**Data records**

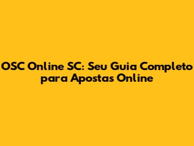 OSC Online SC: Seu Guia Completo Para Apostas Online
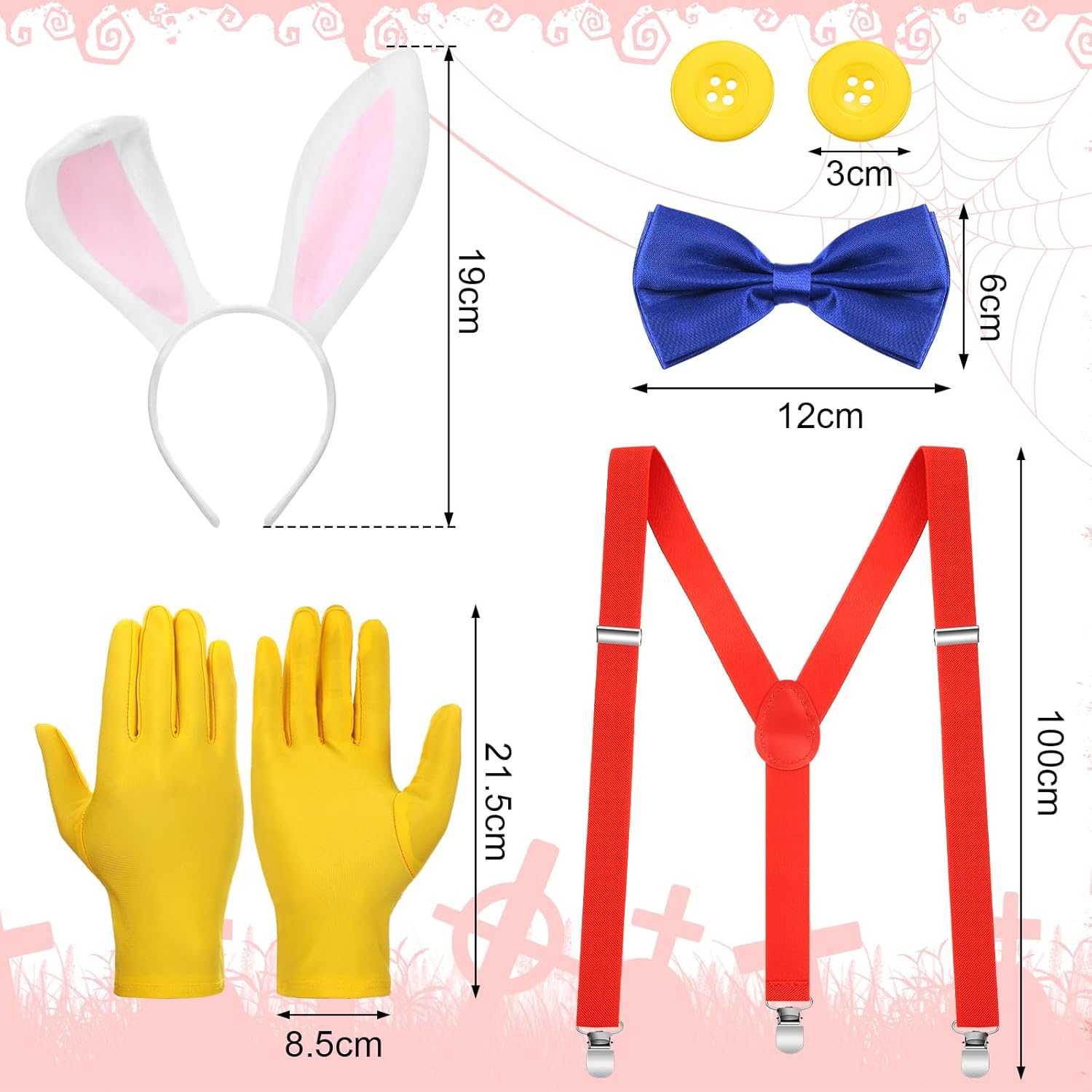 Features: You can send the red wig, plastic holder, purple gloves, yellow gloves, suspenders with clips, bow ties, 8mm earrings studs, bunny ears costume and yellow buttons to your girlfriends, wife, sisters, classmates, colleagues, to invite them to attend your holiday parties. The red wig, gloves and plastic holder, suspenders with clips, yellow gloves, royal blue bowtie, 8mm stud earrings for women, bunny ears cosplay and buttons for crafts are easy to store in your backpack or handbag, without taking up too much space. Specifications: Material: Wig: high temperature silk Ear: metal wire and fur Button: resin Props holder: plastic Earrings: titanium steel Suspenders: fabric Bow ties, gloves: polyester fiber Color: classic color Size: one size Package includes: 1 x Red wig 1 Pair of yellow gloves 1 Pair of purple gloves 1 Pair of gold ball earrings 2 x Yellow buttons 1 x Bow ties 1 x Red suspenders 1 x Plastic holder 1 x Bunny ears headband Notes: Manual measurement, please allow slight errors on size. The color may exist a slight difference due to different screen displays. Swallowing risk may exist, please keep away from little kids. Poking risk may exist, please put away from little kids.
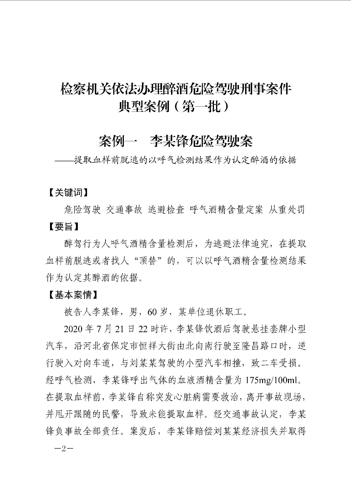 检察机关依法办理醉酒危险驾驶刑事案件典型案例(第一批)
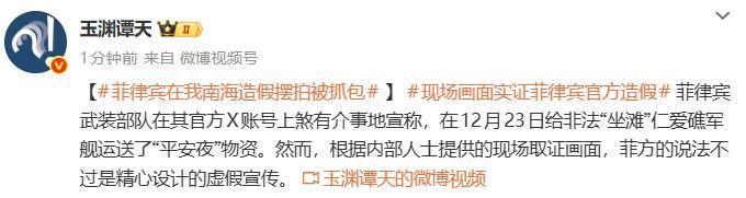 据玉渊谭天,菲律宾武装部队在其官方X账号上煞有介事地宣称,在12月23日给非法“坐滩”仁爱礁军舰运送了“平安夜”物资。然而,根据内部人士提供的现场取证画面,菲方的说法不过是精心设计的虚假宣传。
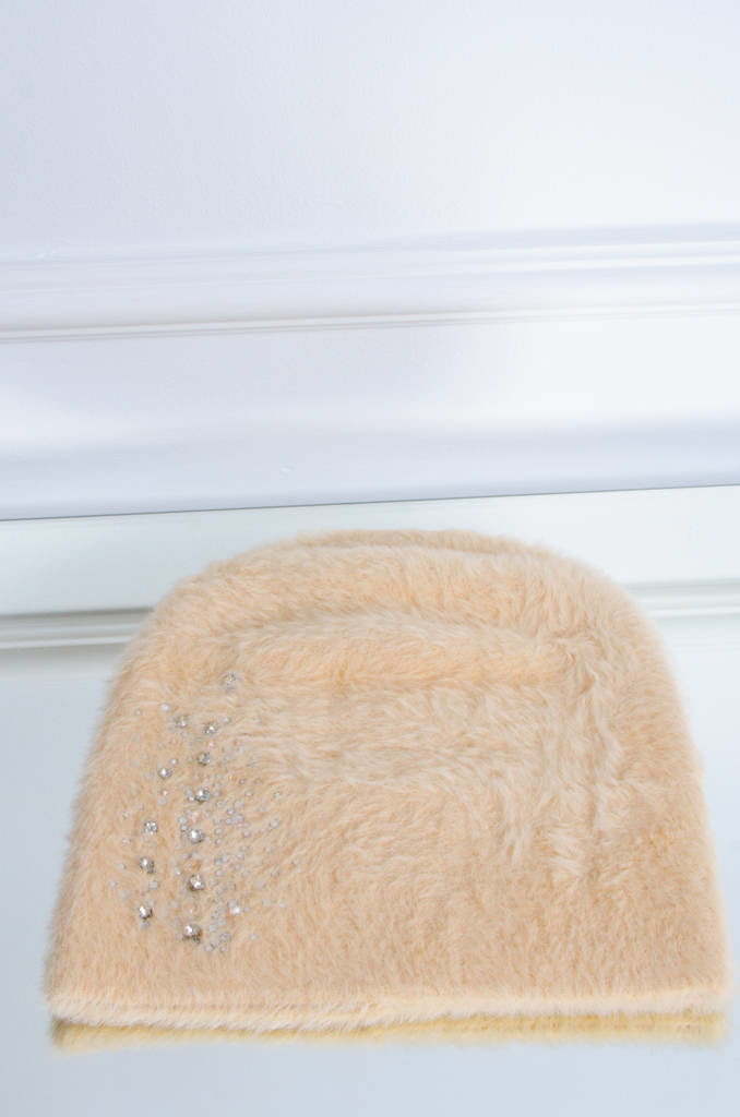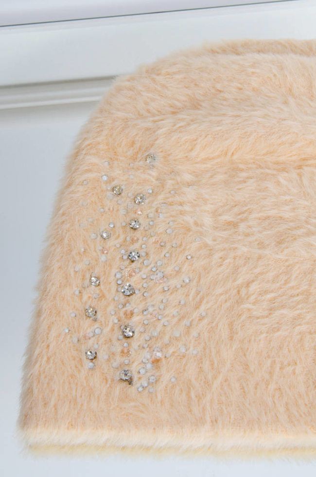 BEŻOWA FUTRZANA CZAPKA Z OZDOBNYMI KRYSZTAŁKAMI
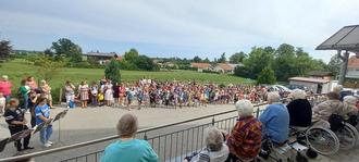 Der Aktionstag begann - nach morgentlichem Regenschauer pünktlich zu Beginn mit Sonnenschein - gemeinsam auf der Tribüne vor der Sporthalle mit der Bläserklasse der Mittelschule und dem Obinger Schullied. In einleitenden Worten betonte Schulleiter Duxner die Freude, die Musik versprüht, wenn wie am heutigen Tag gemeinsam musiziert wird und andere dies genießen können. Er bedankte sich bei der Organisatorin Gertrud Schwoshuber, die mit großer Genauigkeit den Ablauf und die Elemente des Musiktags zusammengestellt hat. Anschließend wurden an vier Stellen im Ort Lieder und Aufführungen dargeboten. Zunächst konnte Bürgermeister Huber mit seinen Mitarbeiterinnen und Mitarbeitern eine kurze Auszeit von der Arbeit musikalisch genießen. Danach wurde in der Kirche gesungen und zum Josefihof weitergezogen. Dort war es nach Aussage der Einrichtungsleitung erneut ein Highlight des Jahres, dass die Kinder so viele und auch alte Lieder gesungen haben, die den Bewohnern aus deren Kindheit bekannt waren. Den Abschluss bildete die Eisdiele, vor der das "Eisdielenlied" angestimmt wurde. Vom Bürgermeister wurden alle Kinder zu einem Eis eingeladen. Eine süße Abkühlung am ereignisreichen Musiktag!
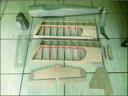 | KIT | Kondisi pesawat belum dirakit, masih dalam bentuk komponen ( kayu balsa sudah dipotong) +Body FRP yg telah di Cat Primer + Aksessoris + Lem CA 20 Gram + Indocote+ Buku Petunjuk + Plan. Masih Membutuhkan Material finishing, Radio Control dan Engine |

**Task objective**
Within the listing above, print exactly the stretch beginning at the line that contains "检察机关依法办理醉酒危险驾驶刑事案件典型案例(第一批)" and finishing at the line that contains "BEŻOWA FUTRZANA CZAPKA", ends kept, pictures left out, and nothing more.

**Exercise answer**
 检察机关依法办理醉酒危险驾驶刑事案件典型案例(第一批)
 据玉渊谭天,菲律宾武装部队在其官方X账号上煞有介事地宣称,在12月23日给非法“坐滩”仁爱礁军舰运送了“平安夜”物资。然而,根据内部人士提供的现场取证画面,菲方的说法不过是精心设计的虚假宣传。
 BEŻOWA FUTRZANA CZAPKA Z OZDOBNYMI KRYSZTAŁKAMI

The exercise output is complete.